Face à ce constat, nous avons décidé de retravailler notre trajectoire pluriannuelle sur cet indicateur, pour trouver une projection adaptée à la réalité de notre secteur. Cette redéfinition interviendra dans le courant de l’année 2026.
Des achats de services portés par les besoins de l’année
Pour maintenir la qualité de service attendue malgré les difficultés techniques, Cogévie a dû recourir à des volumes plus importants de sous-traitance et de prestations intellectuelles spécialisées, en dehors du périmètre local habituel faute de compétence dans la région. Ce recours, contraint par les circonstances, a temporairement pesé sur ce poste d’émissions. Toutefois, la sous-traitance est en forte diminution depuis mars 2026 et le retour à nos pratiques d’achats habituelles est engagé.
C’est également le cas pour le poste des immobilisations (+86%). Une augmentation entièrement liée à cette année exceptionnelle et aux investissements de logiciels liés à l’évolution de notre outil de gestion.

Nos leviers d’actions pour 2026
Malgré une année 2025 marquée par un contexte exceptionnel, nos actions ont continué de produire des résultats concrets.
Numérique
Nous restons déterminés à intégrer des critères de sobriété numérique dans la conception de nos solutions. Nous continuons de travailler avec un partenaire spécialiste nantais et un hébergement souverain de nos espaces en ligne. La trajectoire pluriannuelle de cet indicateur sera revue en 2026 pour tenir compte des nouvelles réalités de notre secteur.

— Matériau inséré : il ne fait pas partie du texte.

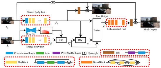 where is the weight of features from each input frame and is generated by the DW module. Then, the fused features are fed into the enhancement part and the tail part to generate the final output.
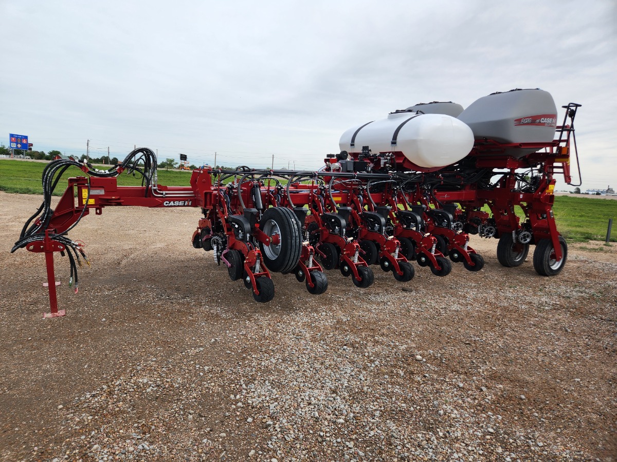 Number of Rows: 16, Mount Type: 2 point hitch, Markers: no, Row Cleaners: Shark tooth w/depth bands & clean sweep, Liquid Fertilizer: 540 gallon tank for in-furrow fertilizer, Bulk Fill, Electric Drive Vset Precision Meter w/row by row overlap and curve compensation, Hydraulic Drive with 12V 200 amp alternator, Narrow RID Gauge Wheels, DeltaForce automatic Hydraulic Down Pressure, 2 Stage In-Cab Adjustable Closing System, Hydraulic Wing Down Force, Rear Towing Hitch, Deluxe Air Compressor, 22 GPM PTO Pump

Achats de services et matériel
Notre engagement en faveur des prestataires locaux (Pays de la Loire et Bretagne) reste une priorité, avec un retour progressif aux niveaux habituels en 2026. La politique de réparation avant remplacement, initiée en 2024, continue d’allonger la durée de vie du matériel. Le recyclage à 100 % du matériel obsolète est quant à lui pleinement ancré dans nos pratiques, via un prestataire engagé dans le numérique responsable.
Mobilité durable
Les résultats 2025 demeurent positifs : 53,9 % des collaborateurs utilisent les transports en commun et 12,1 % bénéficient du forfait mobilité durable. Ces chiffres sont notamment portés par l’augmentation des recrutements de l’année. Ils doivent donc se normaliser en 2026 avec la stabilisation des effectifs, restant bien au-dessus de nos objectifs.
Les dispositifs en place continuent de porter leurs fruits : prise en charge des abonnements à 75 %, vélos électriques disponibles depuis 2019, choix du site de travail selon le domicile.